The Havasupai people (Havasupai: Havsuw' Baaja) are a Native American people and tribe who have lived in the Grand Canyon for at least the past 800 years. Their name means "people of the blue-green water", referring to Havasu Creek, a tributary of the Colorado.

Located primarily in an area known as Havasu Canyon, this Yuman-speaking population once laid claim to an area the size of Delaware (2500 mi2). In 1882, however, the United States federal government forced the tribe to abandon all but 518 acres of its land. A silver rush and the Atchison, Topeka and Santa Fe Railway in effect destroyed the fertile land. Furthermore, the inception of the Grand Canyon as a national park in 1919 pushed the Havasupai to the brink, as their land was consistently being used by the National Park Service. Throughout the 20th century, the tribe used the US judicial system to fight for the restoration of the land. In 1975, the tribe succeeded in regaining approximately 185000 acres of their ancestral land with the passage of the Grand Canyon National Park Enlargement Act.

As a means of survival, the tribe has turned to tourism, attracting thousands of people annually to its streams and waterfalls at the Havasupai Indian Reservation.

== History ==

=== Relation with Hualapai ===
Ethnically, the Havasupai and the Hualapai are one people, although today, they are politically separate groups due to U.S. government policy. The Hualapai (Pa'a or Pai) had three subtribes: the Plateau People, the Middle Mountain People, and Yavapai Fighter. The subtribes were divided into seven bands, which themselves were broken up into thirteen regional bands or local groups. The local groups were composed of several extended family groups living in small villages: The Havasupai were just the Havasooa Pa'a regional band (or local group) of the Nyav-kapai ("Eastern People") of the Plateau People subtribe.

=== Pre-1882 ===

Havasupai woman.

Havasupai man.

The tribe had traditionally relied heavily on agriculture, hunting, and gathering as their means of survival. Although living primarily above and inside the Grand Canyon, which consists mostly of harsh terrain, the tribe's reservation was also home to some lush vegetation and the aquamarine blue water of Havasu Creek. Their name, meaning "the People of the Blue-Green Waters," reflects this.
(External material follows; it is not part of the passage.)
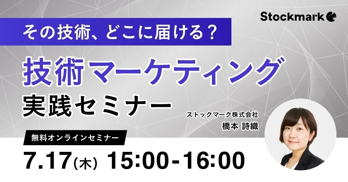 ストックマーク株式会社が主催する「その技術、どこに届ける?技術マーケティング実践セミナー」が、2025年7月17日(木)にオンラインで開催されます。このセミナーは、製造業における技術の市場導入を後押しすることを目的としており、特に研究開発や技術企画に携わる方々に向けて設計されています。

The Havasupai are said to have existed within and around the Grand Canyon for over eight centuries. Little is known about the tribe before their first recorded European encounter in 1776 with Spanish priest Francisco Garcés. Garcés reported seeing roughly 320 individuals in his time with the Havasupai, a number that would diminish over the centuries as westward expansion and natural catastrophes significantly decreased the population size.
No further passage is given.